Introduction
Distributed systems inherently involve multiple components such as services, databases, networks, etc., which are spread across different machines or locations. These systems are prone to partial failures, where one part of the system may fail while others remain operational. A common strategy for building fault-tolerant and resilient systems is to recover from transient failures by retrying failed operations. Here are some common use cases for implementing retries to maintain reliability in such environments:
- Recover from Transient Failures such as network glitches, dropped packets, or temporary unavailability of services. These failures are often short-lived, and a simple retry may succeed without any changes to the underlying system.
- Recover from Network Instability due to packet loss, latency, congestion, or intermittent connectivity can disrupt communication between services.
- Recover from Load Shedding or Throttling where services may experience momentary overloads and are unable to handle incoming requests.
- Asynchronous Processing or Eventual Consistency models may take time to converge state across different nodes or services and operations might fail temporarily if the system is in an intermediate state.
- Fault Isolation in microservices architectures, where services are loosely coupled but depend on one another. The downstream services may fail temporarily due to a service restart, deployment or scaling activities.
- Service Downtime affects availability of services but client application can use retries to recover from minor faults and maintain availability.
- Load Balancing and Failover with redundant Zones/Regions so that when a request to one zone/region fails but can be handled by another healthy region or zone.
- Partial Failures where one part of the system fails while the rest remains functional (partial failures).
- Build System Resilience to allow the system to self-heal from minor disruptions.
- Race Conditions or timing-related issues in concurrent systems can be resolved with retries.
Challenges with Retries
Retries help in recovering from transient or partial failures by resending requests, but they can worsen system overloads if not managed carefully. Here are some challenges associated with retries:
- Retry Storms: A retry storm occurs when multiple clients or services simultaneously retry failed requests to an overloaded or recovering service. This flood of retries can exacerbate the problem and can lead to performance degradation or a self-inflicted Denial of Service (DoS) attack.

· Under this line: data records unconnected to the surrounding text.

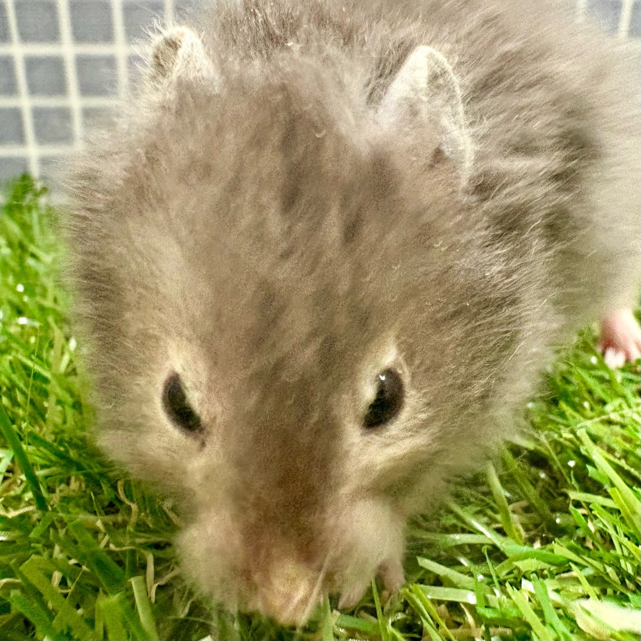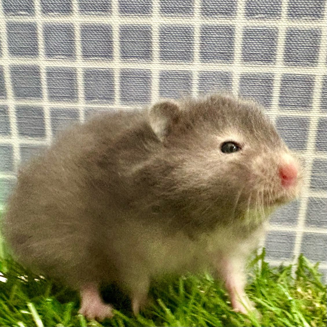 ふんわりやさしいグレーの毛並みが魅力的な、セーブルハムスターの女の子です🥺🌷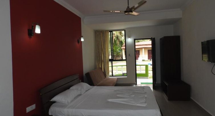 Нас заселили в одноэтажный корпус, номер комнаты 6. В номере большая кровать, диванчик, 2 прикроватных тумбочки, шкаф, телевизор, холодильник, чайник. Телевизор с местными каналами, мы включали музыкальный, слушали индийские и зарубежные песни ). Каждый день приносили 2 бутылки воды, пакетики чай, кофе, сахар, сливки. Душ отделен шторкой и на пару миллиметров ниже уровня остального пола. Маленькие бутылочки гель для душа, шампунь, кондиционер, ставили новые, если заканчивалось, туалетная бумага. Полотенец по одному на человека. Нам меняли их 2 раза. На крыльце (назову это так) 2 пластмассовых стула, пепельница. Вечерами иногда сидели там, пили ром, общались с соседями. Один раз стул у нас куда-то пропал, попросили работника отеля второй стул, он нам принес.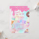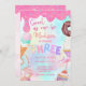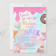En esta suculenta invitación se sirven deliciosos donuts, helados y postres con helados de color pastel de color agua y muchos guijarros de color arcoiris.

- Idempotency and Data Consistency: Some operations are not idempotent and performing them multiple times can lead to inconsistent or incorrect results (e.g., processing a financial transaction multiple times).
- Cascading Failures: Retrying can propagate failures upstream or to dependent services. For instance, when a service fails and clients retry excessively, which can overwhelm downstream services.

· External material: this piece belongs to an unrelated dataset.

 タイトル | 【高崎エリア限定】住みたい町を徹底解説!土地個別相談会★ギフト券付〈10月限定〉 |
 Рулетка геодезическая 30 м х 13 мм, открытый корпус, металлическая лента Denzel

- Latency Amplification: Retrying failed operations can increase end-to-end latency, as each retry adds a delay before successful resolution.

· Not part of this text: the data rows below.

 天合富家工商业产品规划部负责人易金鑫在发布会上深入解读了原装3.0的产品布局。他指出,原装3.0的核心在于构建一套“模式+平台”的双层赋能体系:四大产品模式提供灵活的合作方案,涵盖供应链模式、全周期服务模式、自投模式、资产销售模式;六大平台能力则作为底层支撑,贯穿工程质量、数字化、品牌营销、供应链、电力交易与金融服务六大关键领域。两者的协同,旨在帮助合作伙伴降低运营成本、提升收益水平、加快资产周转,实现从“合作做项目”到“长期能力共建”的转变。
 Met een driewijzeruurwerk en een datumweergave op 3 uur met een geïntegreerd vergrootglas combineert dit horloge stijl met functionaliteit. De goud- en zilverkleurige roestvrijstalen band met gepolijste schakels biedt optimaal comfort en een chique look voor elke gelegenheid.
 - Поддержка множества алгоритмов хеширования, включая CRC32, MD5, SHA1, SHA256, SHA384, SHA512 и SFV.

- Amplified Resource Consumption: Retried operations consume additional CPU, memory, and bandwidth, potentially depleting resources at a faster rate. Even when services eventually succeed, the increased load from retries can harm the overall system.
- Retry Loops or Infinite Retries: If a failed operation is retried continuously without ever succeeding, it can potentially lead to system crashes.
- Threads and connections starvation: When a service invokes multiple operations and some fail, it may retry all operations, leading to increased overall request latency. If high timeouts are set, threads and connections remain occupied, blocking new traffic.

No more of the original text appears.